Troisième bloc : le bloc moteur du mouvement, très large, donc très composite : situationnistes, libertaires comme Dany, trotskistes comme Krivine, maoïstes de diverses chapelles (dont beaucoup ne comprendront pas, au début, l’importance du mouvement étudiant considéré comme « petit-bourgeois »), communistes en rupture, et le trio le plus implanté : UNEF, CFDT et PSU qui joue un rôle important, fédérateur dans le passage de l’explosion étudiante à l’explosion ouvrière (car, à tous les échelons d’organisation, les militants UNEF ou CFDT sont souvent membres du PSU 2. D’ailleurs 2 des 3 figures médiatiques de mai 68 sont liées au PSU : Jacques Sauvageot, vice-président de l’UNEF est adhérent, Alain Gessmar, secrétaire du SNES-SUP, syndicat des enseignants du supérieur a été formé par le PSU et y garde de nombreux liens bien qu’il ait rompu en 1967 pour se rapprocher de Mitterrand ; le troisième Dany Cohn-Bendit est celui qui a le plus de charisme, mais peu de troupes derrière lui avec son mouvement du 22 mars. Un membre du bureau national du PSU Marc Heurgon joue un rôle essentiel dans cette période, rôle ignoré des médias comme des historiens. Il est pourtant l’éminence grise indiscutable des dirigeants de l’UNEF et un animateur important du bureau national du PSU. Depuis la naissance du PSU, il a entretenu des rapports complexes avec Michel Rocard, complicité dans la même tendance majoritaire, jusqu’à pousser Rocard au secrétariat national, avec un partage des rôles ; mais aussi une vision politique plus radicale qui commence à se manifester en 1968.

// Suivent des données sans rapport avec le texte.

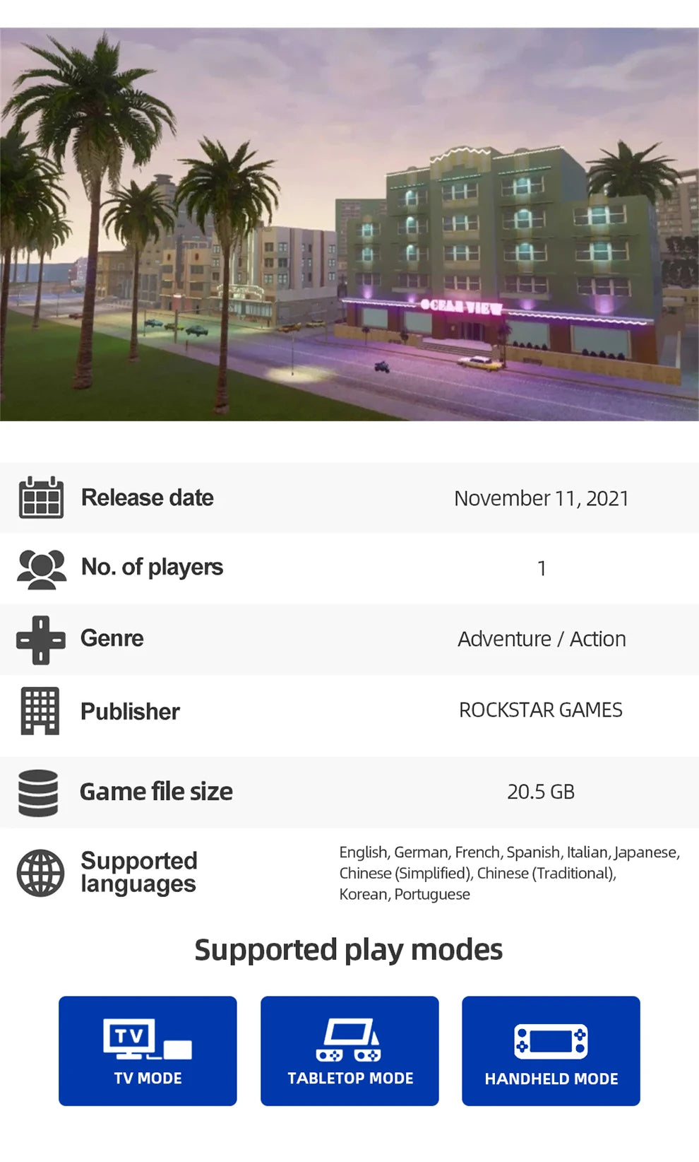 Supported Play Modes: TV mode, Tabletop Mode, Handheld Mode
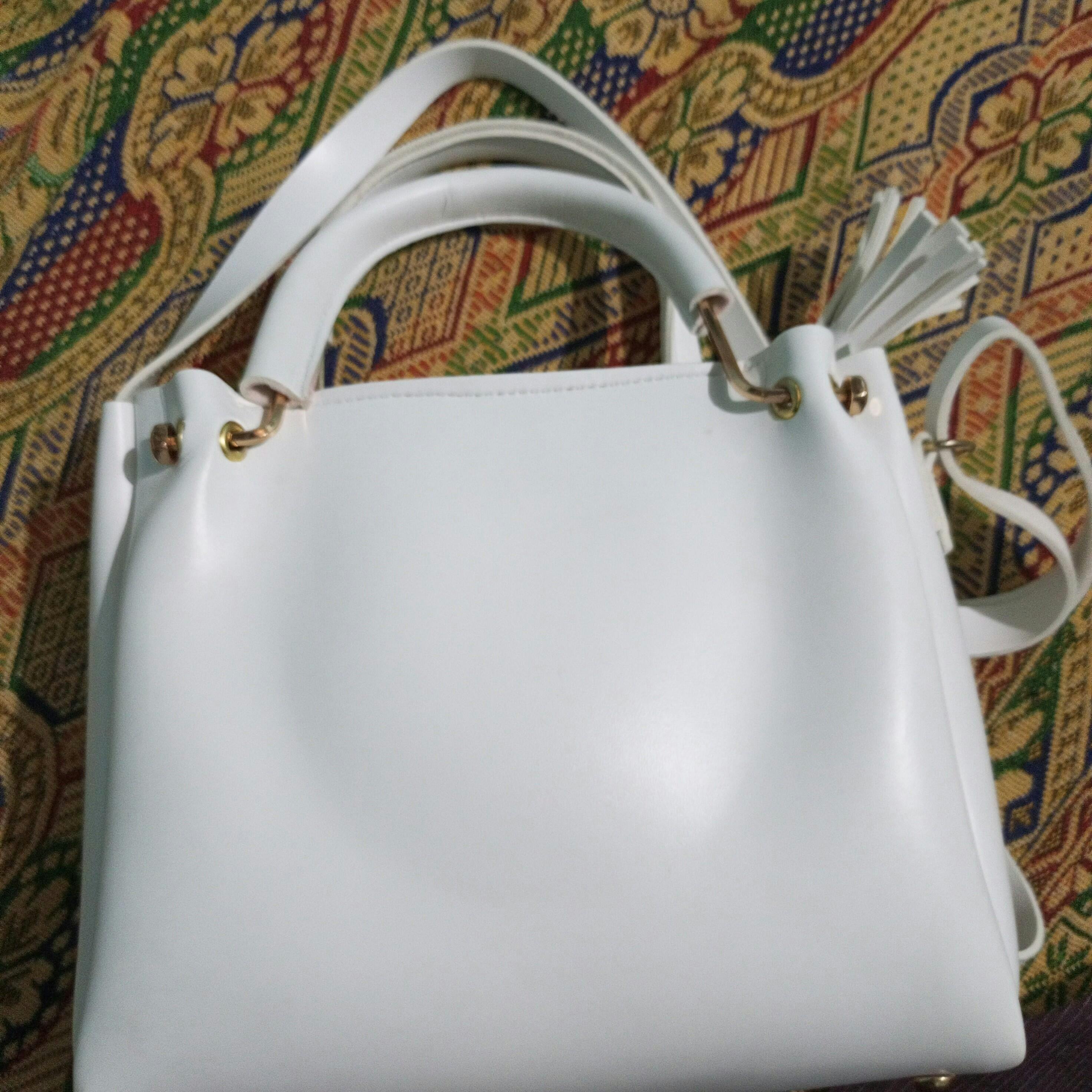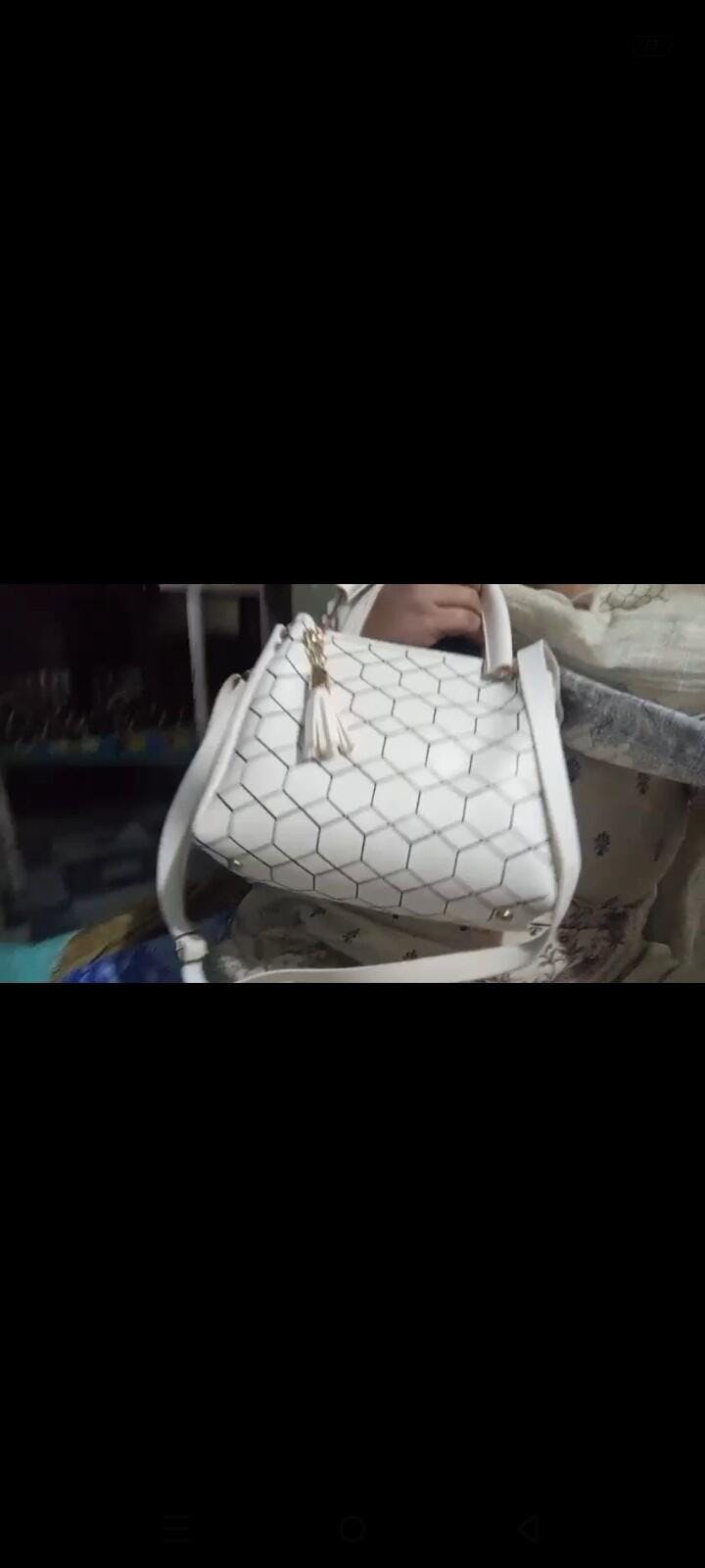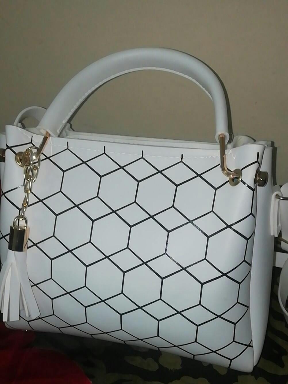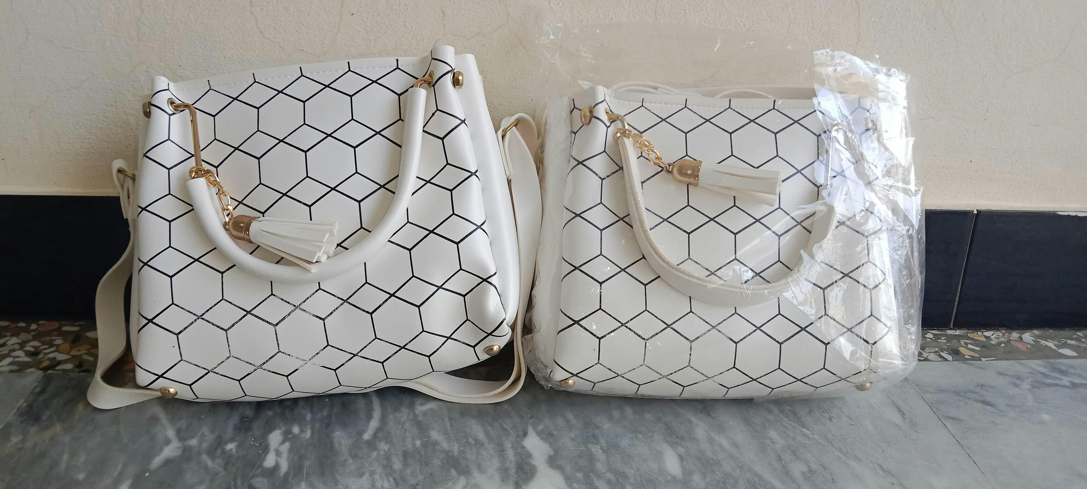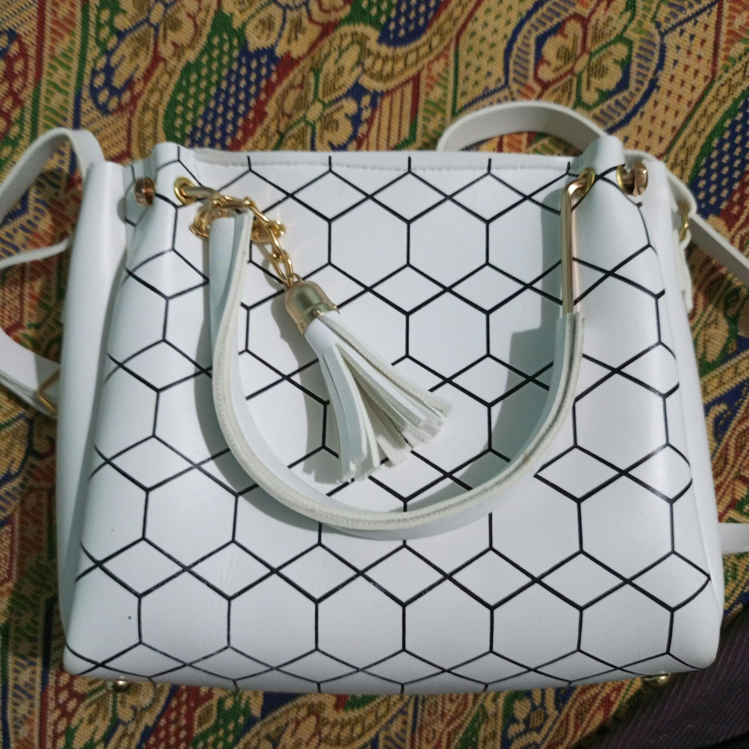 Upgrade your style with this chic handbag featuring a modern geometric pattern and a sturdy metal handle for a premium look. Designed with both top handles and a detachable shoulder strap, it offers versatile carrying options. The bag is adorned with a classy tassel charm, adding a fashionable touch. Perfect for casual outings, parties, or office use, this handbag combines elegance with practicality.

Quatre rencontres, de 2 heures environ, avec Michel Rocard, ont été organisées pour les Amis de Tribune Socialiste par Roger Barralis pour continuer à écrire l’histoire du PSU après le premier livre de Marc Heurgon. Je faisais partie avec Roger et Bernard Ravenel de ces petits groupes. Pour Mai 68 nous avons eu confirmation des faits suivants. Les manifestations étaient préparées en commun par Krivine et Rocard au siège du PSU, négociées avec le préfet de Police Grimaud par Rocard. Sur plusieurs photos de journaux de l’époque, on voit Krivine et Rocard, bras dessus-bras dessous au premier rang des manifs. Bizarre ! Bizarre ! direz-vous, vous qui lisez cela aujourd’hui ? Ces documents existent. « Le service d’ordre du PSU était le plus nombreux, mais autogéré, celui de la LCR moins nombreux mais très structuré et discipliné. Les patrons de la FNAC proches des trotskistes fournissaient les casques à ces deux « SO », ainsi que l’essence qui était quasiment introuvable » nous a affirmé Rocard.



1 http://www.youtube.com/watch?v=ht1RkTMY0h ou DVD : Reprise « Un voyage au cœur de la classe ouvrière » un film mis en scène par Hervé Le Roux aux Editions Montparnasse

2 Les étudiants n’auraient pas fait Mai 68 si les travailleurs n’avaient pas réagi, et, d’ailleurs, « préparé » en amont le mouvement par diverses grèves dont plusieurs sur les questions « qualitatives du travail » ( Sud Aviation, Rhodiaceta à Lyon et à Besançon, Lip où les militants CFDT-PSU préparent en fait la célèbre lutte de 1973. La CFDT, après le congrès de 1964 de la déconfessionnalisation avait dès 1965 lancé l’idée d’une société autogestionnaire. Elle a eu un rôle déterminant dans l’organisation démocratique de la grève générale et dans les discussions sur les objectifs. Des dirigeants de la CFDT comme Edmond Maire, Marcel Gonin, et bien d’autres étaient membres du PSU. D’autres étaient très proches

Le terme « qualitatif » signifie : conditions de travail, temps libéré, contrôle des cadences, réflexion sur la nature de ce que l’on produit, contestation de l’autoritarisme patronal, des « petits chefs » de l’encadrement (« Non au pouvoir patronal dans le domaine de l’emploi » dissent les travailleurs CFDT de La Rhodiaceta de Besançon en mars 1967). C’est le fondement du mot d’ordre « Contrôle ouvrier » que développe le PSU dans toute cette période et en particulier nous dans nos affiches en sérigraphie de l’atelier du vingtième arrondissement.